◆ **Your instructions**: When you transcribe the listing, keep each line exact and drop the pictures.

◆ **Given material**:
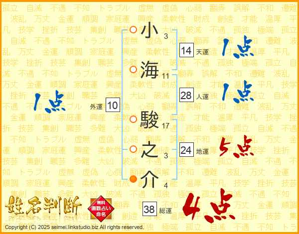 小(3画)海(11画) 駿(17画)之(3画)介(4画)
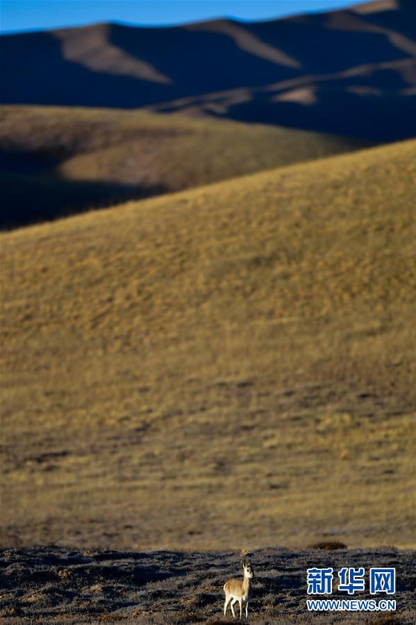 這是2019年11月9日在青海省果洛藏族自治州瑪沁縣境內的草原上拍攝的藏原羚。新華社記者張龍攝
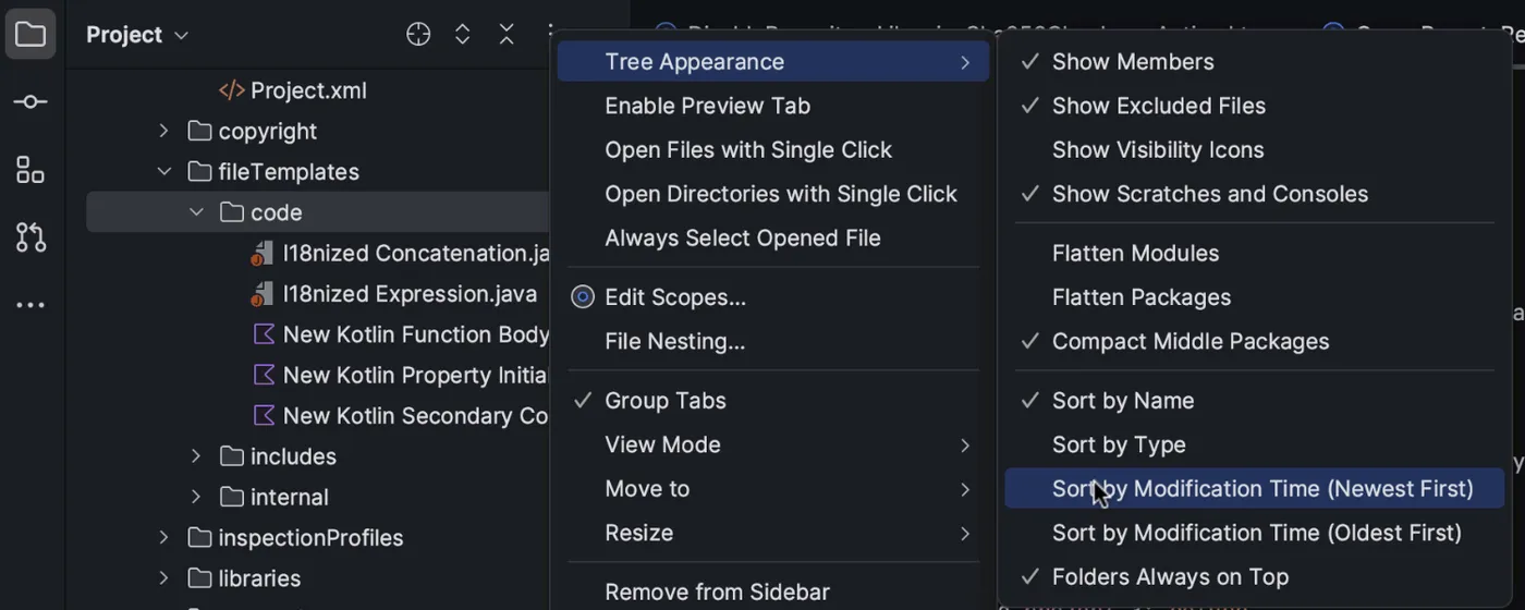 IntelliJ IDEA 2023.2 添加了备受期待的功能,让您可以根据修改时间在 _Project_(项目)视图中排列文件。 每当项目中有更改被保存时,这个新功能就会自动重排文件。 要启用此功能,首先打开 _Project_(项目)视图中的竖三点菜单,然后选择 _Tree Appearance | Sort by Modification Time_(树外观 | 按修改时间排序)。

◆ **Result below**:
 小(3画)海(11画) 駿(17画)之(3画)介(4画)
 這是2019年11月9日在青海省果洛藏族自治州瑪沁縣境內的草原上拍攝的藏原羚。新華社記者張龍攝
 IntelliJ IDEA 2023.2 添加了备受期待的功能,让您可以根据修改时间在 _Project_(项目)视图中排列文件。 每当项目中有更改被保存时,这个新功能就会自动重排文件。 要启用此功能,首先打开 _Project_(项目)视图中的竖三点菜单,然后选择 _Tree Appearance | Sort by Modification Time_(树外观 | 按修改时间排序)。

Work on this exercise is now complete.